Not wanting to tell her about Stall Crag, I said vaguely, “Oh, I read it somewhere. And what’s pulling the possibilities? That’s another thing I read.”

“It’s something that would take ages to explain and I haven’t time,” Anthea said, bending over her notes again. “You don’t seem to understand that I’m working for an exam that could change my entire life!”

“When are you going to get lunch then?” I asked.

“Isn’t that just my life in a nutshell !” Anthea burst out. “I do all the work round here and help in the shop twice a week, and nobody even considers that I might want to do something different! Go away!”
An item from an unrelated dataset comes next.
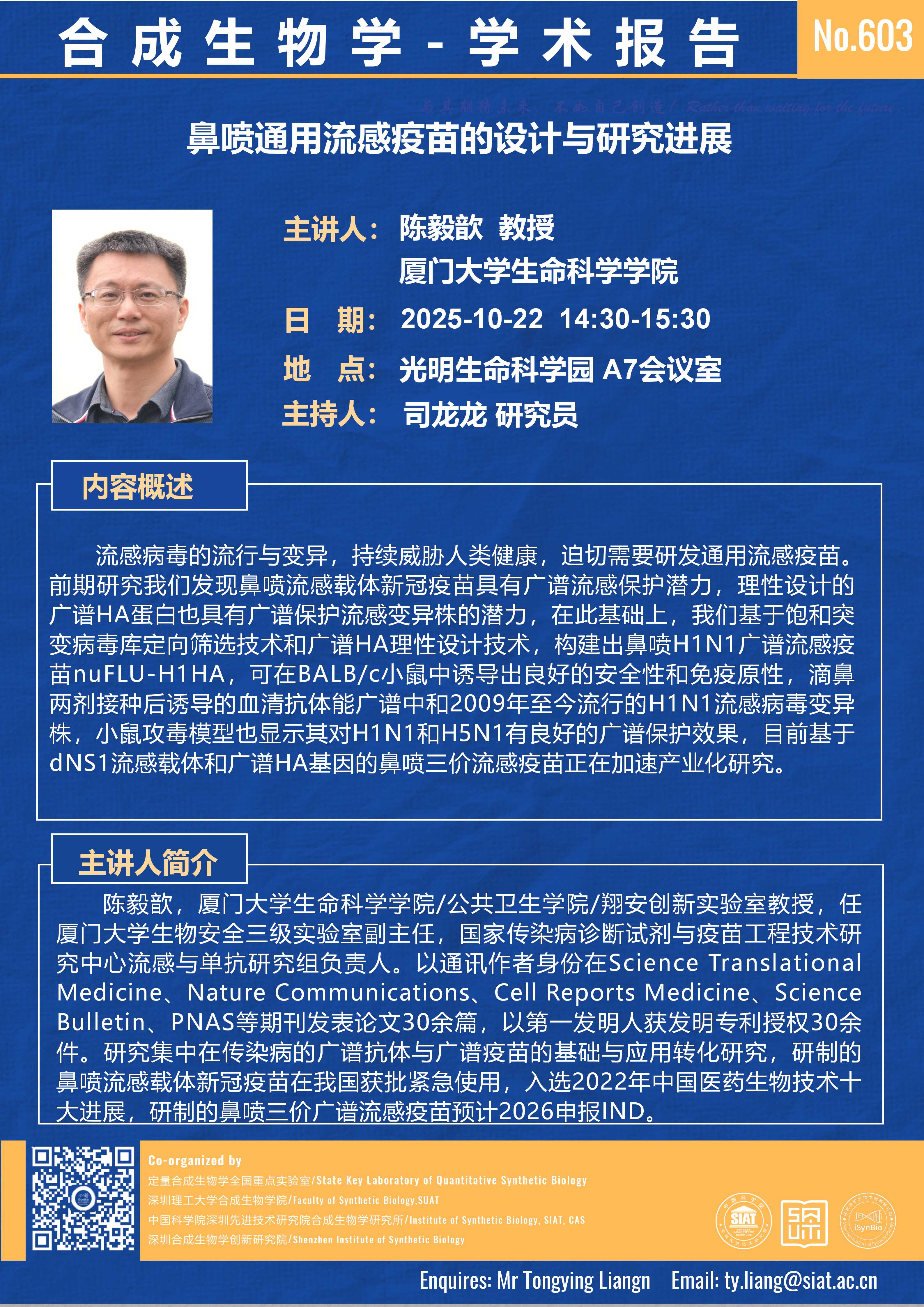 合成所/合成生物学院第603期学术讲座将于 10月22日(星期三)14:30-15:30 在 光明生命科学园 A7会议室 举行。

You didn’t mess with Anthea when she got this fierce. I went away and tried to ask Mum instead. I might have known that would be no good.

Mum has this little bare room with creaking floorboards half a floor down from my bedroom, with nothing in it much except dust and stacks of paper. She sits there at a wobbly table, hammering away at her old typewriter, writing books and magazine articles about Women’s Rights. Uncle Alfred had all sorts of smooth new computers down in the back room where Miss Silex works, and he was always on at Mum to change to one as well. But nothing will persuade Mum to change. She says her old machine is much more reliable. This is true. The shop computers went down at least once a week – this, Uncle Alfred said, was because of the activities up at Stallery – but the sound of Mum’s typewriter is a constant hammering, through all four floors of the house.

She looked up as I came in and pushed back a swatch of dark grey hair. Old photos show her looking rather like Anthea, except that her eyes are a light yellow-brown, like mine, but you would never think her anything like Anthea now. She is sort of faded and she always wears what Anthea calls “that horrible mustard coloured suit” and forgets to do her hair. I like that. She’s always the same, like the cathedral, and she always looks over her glasses at me the same way. “Is lunch ready?” she asked me.

“No,” I said. “Anthea’s not even started it.”

“Then come back when it’s ready,” she said, bending to look at the paper sticking up from her typewriter.

“I’ll go when you tell me what pulling the possibilities means,” I said.

“Don’t bother me with things like that,” she said, winding the paper up so that she could read her latest line. “Ask your uncle. It’s only some sort of magicians’ stuff. What do you think of ‘disempowered broodmares’ as a description? Good, eh?”

“Great,” I said. Mum’s books are full of things like that. I’m never sure what they mean. That time I thought a disempowered broodmare was some sort of weak nightmare, and I went away thinking of all her other books, called things like Exploited for Dreams and Disabled Eunuchs . Uncle Alfred had a whole table of them down in the shop. One of my jobs was to dust them, but he almost never sold any, no matter how enticingly I piled them up.

I did lots of jobs in the shop, unpacking books, arranging them, dusting them, and cleaning the floor on the days Mrs Potts’ nerves wouldn’t let her come. Mrs Potts’ nerves were always bad on the days after she had tried to tidy Uncle Alfred’s workroom. The shop, and the whole house, used to echo then with shouts of “I told you just the floor , woman! You’ve ruined that experiment! And you’re lucky not to be a goldfish! Touch it again and you’ll be a goldfish!”